Not that Honda would not admit to producing these motorcycles, Honda doesn't respond to emails. Fellow on the Speeduino forum indicated that Honda probably went to Denso with the design requirements and Denso put the package together. Sent an email to Denso, not expecting much but can't hurt.
Gee, I didn't realize Dendo had been around since the '40s. By the ND on the board in one of your photos, I would guess that Nippondenso (Denso since the '90s) did manufacture and probably stuffed the board. But I'd bet Honda supplied pre-programmed EPROMs. I'm sure that you have searched thoroughly, but goldwingfacts had some people that looked into this a couple decades ago (oregonwinger comes to mind). My SEi ran well, and the last I'd heard, about five owners after me was still happily riding. I had a spare (bad-blew fuses) ecu that I sent to Canada was it to you?
Don't expect a lot from Denso, but have to try.

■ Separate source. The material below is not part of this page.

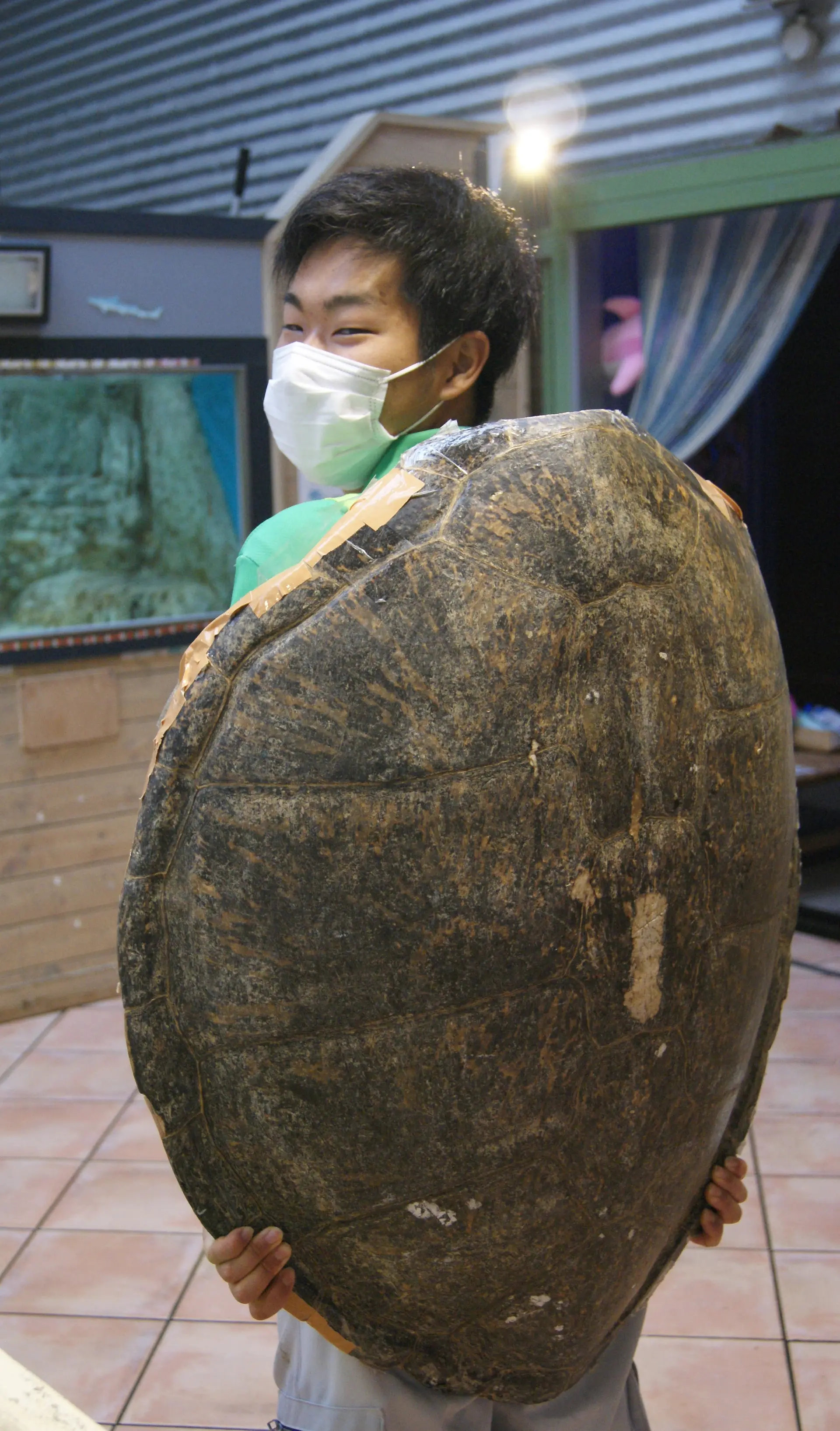 ウミガメの甲羅を背負う、こんな体験もできるんです。この甲羅でなんと重さ7kgほど。

The ECU from you has been donated to this project - 😔, if you need one let me know - will replace. Not to be a hoarder, but have three other operational ECUs - the original, spare I bought, plus the one that came with the 1200 carcass out of Ontario. The interesting part about these ECUs is that the engine operated the same regardless of which one I used - no fast idle, and a disgusting fuel smell on first start in the morning. Since you cannot change/vary any ECU parameter/setting, timing, fuel mixture and such cannot be changed and the issue will never go away. I expect that the 1800s will have issues as time goes on, but its FI system is more modern - is there an O2 sensor on the 1800?

A fellow I correspond with on the Facebook SE-i and Limited Edition forum, has an '85 Limited Edition, his second in about as many years, and he has a fuel mixture and idle issue. He wants to adjust the TPS to try and get rid of the issues but this has not been my experience.

I think I mentioned that Pim on the CX500 forum has been trying to fix/mod/change CX650 turbo CFI ECUs but has had little success. He is looking at the Speeduino, and other ECUs I suspect as replacement ECUs.

As I mentioned above, replacing/modernizing CFI components that are known to work with a specific ECU is a good consideration at the start of a project such as this. Trying to make an old design work with newer technology can be a stumbling block preventing real progress.

These Limited Edition and SE-i models are very robust and keep going, and going as you mention. It's when an issue occurs that people tend to think about bailing. Most owners will never attempt a project such as this, but as a retired old gentleman, can't leave this stone unturned. Should have an alternative part/component available just in case.

Long answer to your post.
Yesm the GL1800s have O2, knock, phase-of-the-moon. Newer ones even more. At least you don't have to acknowledge reading the safety card on every start as long as you own it.